# Is this safe?



## bigegg (Aug 20, 2011)

I will shortly have a need to mill a small amount (30ft) of oak and mahogany into small pieces of various widths of around 3/8" x 1" down to 3/8" x1/2"

I would like to use my router table as a small thickness planer to accurately mill the pieces to width.
(see attached pic)

I seem to remember reading that one shouldn't feed pieces between the fence and the router?
The pieces will be in about 3-6ft lengths, and I will be using finger boards + guards.


----------



## maurosnickare (Nov 18, 2011)

maybe better use the router for something else..just use the tablesaw for cutting close to your final measure and use a thicknesser planer to mill precisely all the pieces..my 2 cents..


----------



## bobj3 (Jan 17, 2006)

Take care doing it that way, that's called trapping the stock ,you can do it on the router table ..with a off step fence...

===



bigegg said:


> I will shortly have a need to mill a small amount (30ft) of oak and mahogany into small pieces of around 3/8" x 1" down to 3/8" x1/2"
> 
> I would like to use my router table as a small thickness planer to accurately mill the pieces to width.
> (see attached pic)
> ...


----------



## Chris Curl (Feb 13, 2012)

it seems to me that feeding it that direction would more likely result in it throwing the piece across the room.

in this case, i think it would be better to feed it from the other side. that way, you are going against the bit.

in either case, it would probably be easier on the bit and make less sawdust to get it close with the table saw first.


----------



## bigegg (Aug 20, 2011)

Using thickness planer - I want to plane the width to exact size, not the depth. I can't balance a 3/8 wide piece of stock on edge to do that ... 
hmmm. unless I build a fence/sledge which holds it on edge as it goes through...


Step off fence - this is the same sort of extra fence one uses on a table saw when crosscutting?
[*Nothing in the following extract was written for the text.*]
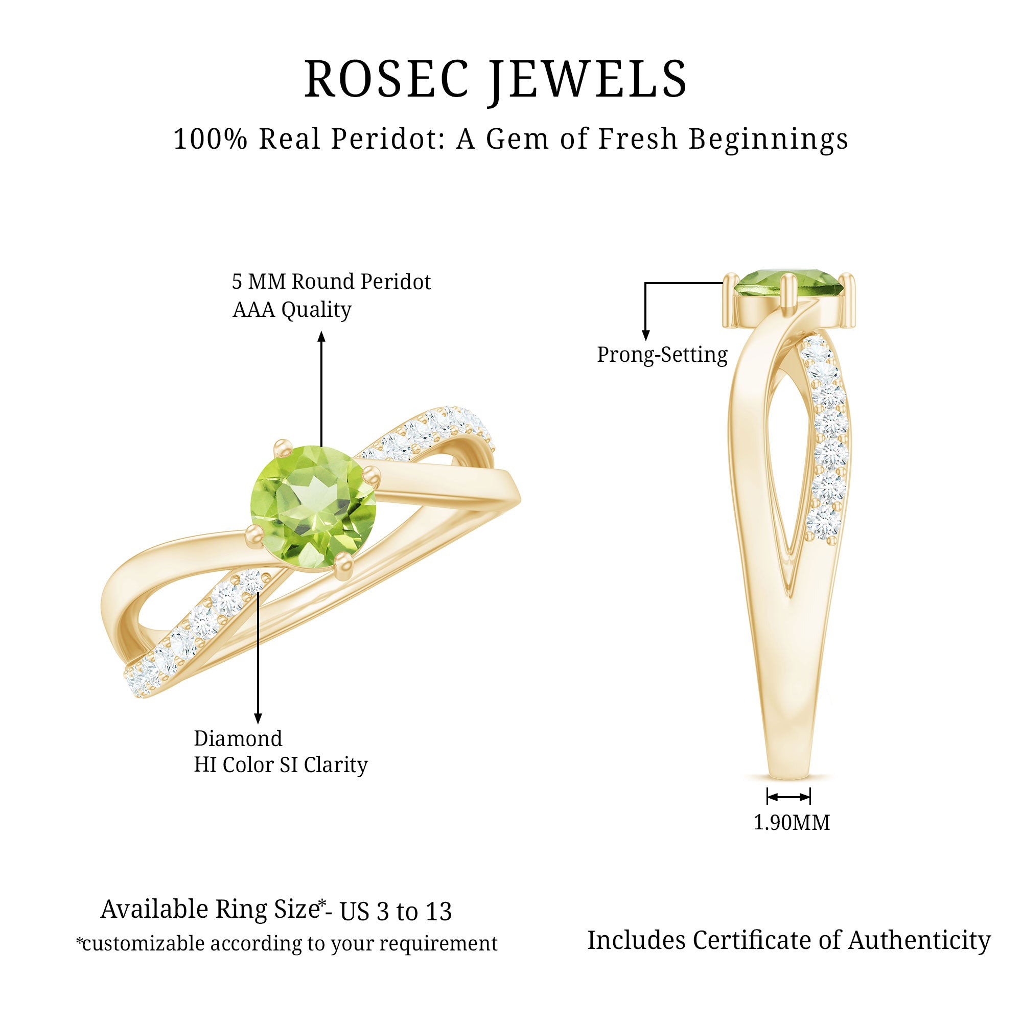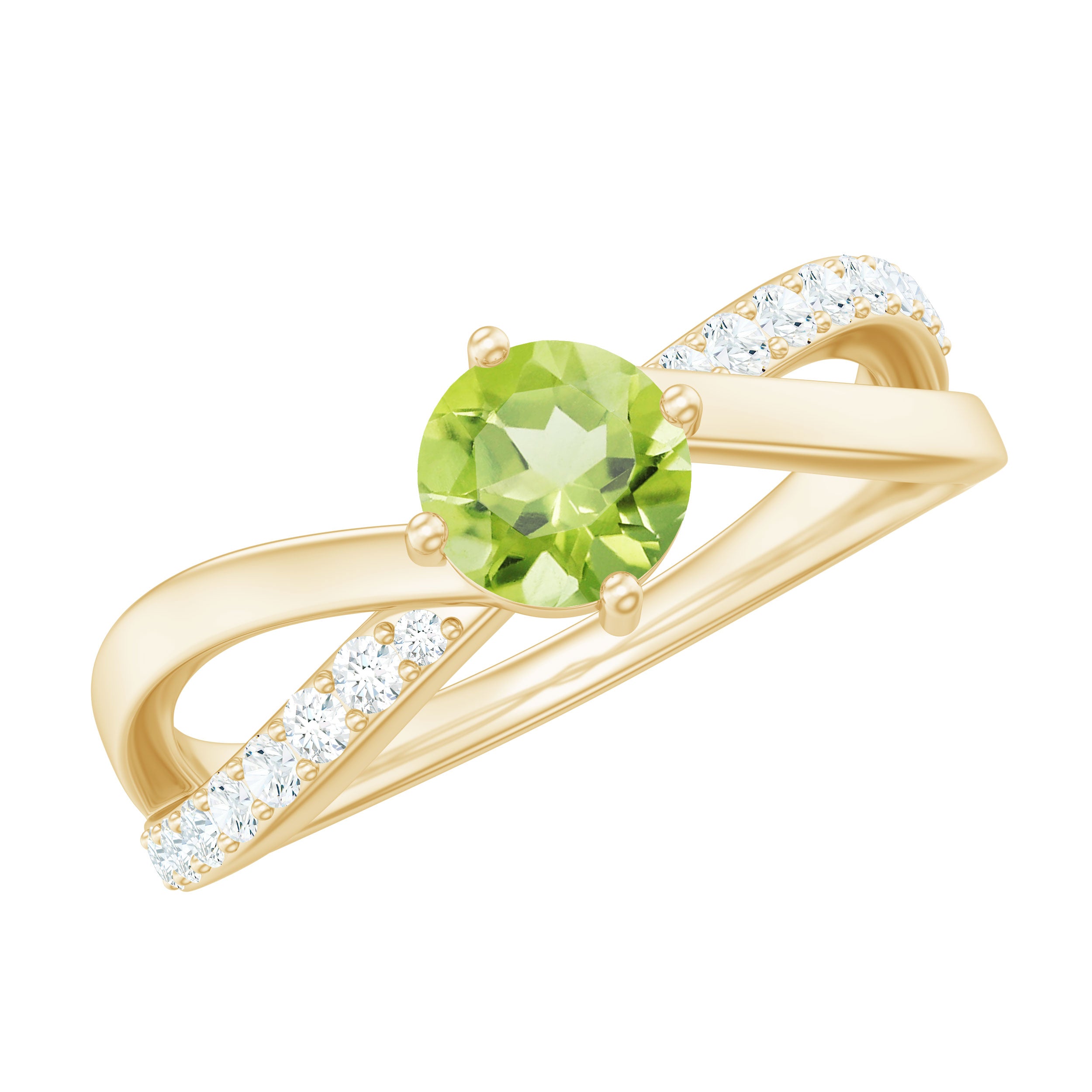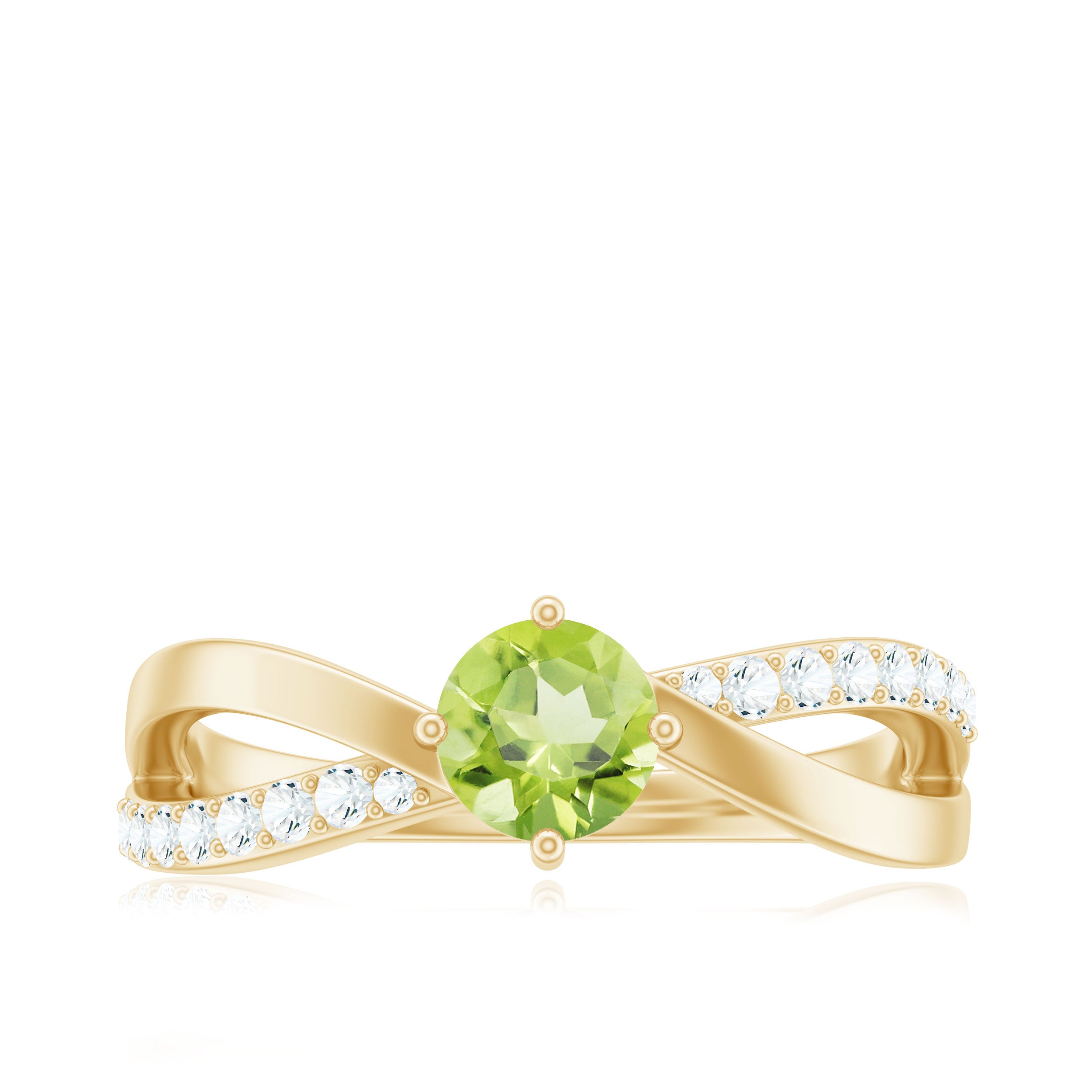 Enhance your love with this Solitaire Ring is adorned with Round Shape Peridot set as a solitaire in a prong setting and Round Shape Diamond in a prong setting. This Gold Infinity Ring is available in solid gold.

It's sort of half-length, and stops just before the cutting edge?

Going against the rotation of the blade - you are quite correct 
i'm a bit doped up on painkillers at the moment, and couldn't flip the router over in my head :sad:
I will be ripping it close - but on the bandsaw, because my table saw is in long-term storage until after the summer. Hence the reason for needing to tidy the edge.


----------



## bigegg (Aug 20, 2011)

Would a drill press thickness sander be a better idea?


----------



## maurosnickare (Nov 18, 2011)

you don't need any special fence for the planer,just gang together 2 or 3 pieces instead of passing just one at the time..so you will have more stability..


----------



## neville9999 (Jul 22, 2010)

Gregg this is dangerous, if the cutter grabs the wood then it could finish up anywhere including inside of you, Router speed is far too fast to do this. NGM


----------



## MAFoElffen (Jun 8, 2012)

bigegg said:


> I will shortly have a need to mill a small amount (30ft) of oak and mahogany into small pieces of various widths of around 3/8" x 1" down to 3/8" x1/2"
> 
> I would like to use my router table as a small thickness planer to accurately mill the pieces to width.
> (see attached pic)
> ...


What would help is an idea of the tools available that you want to use.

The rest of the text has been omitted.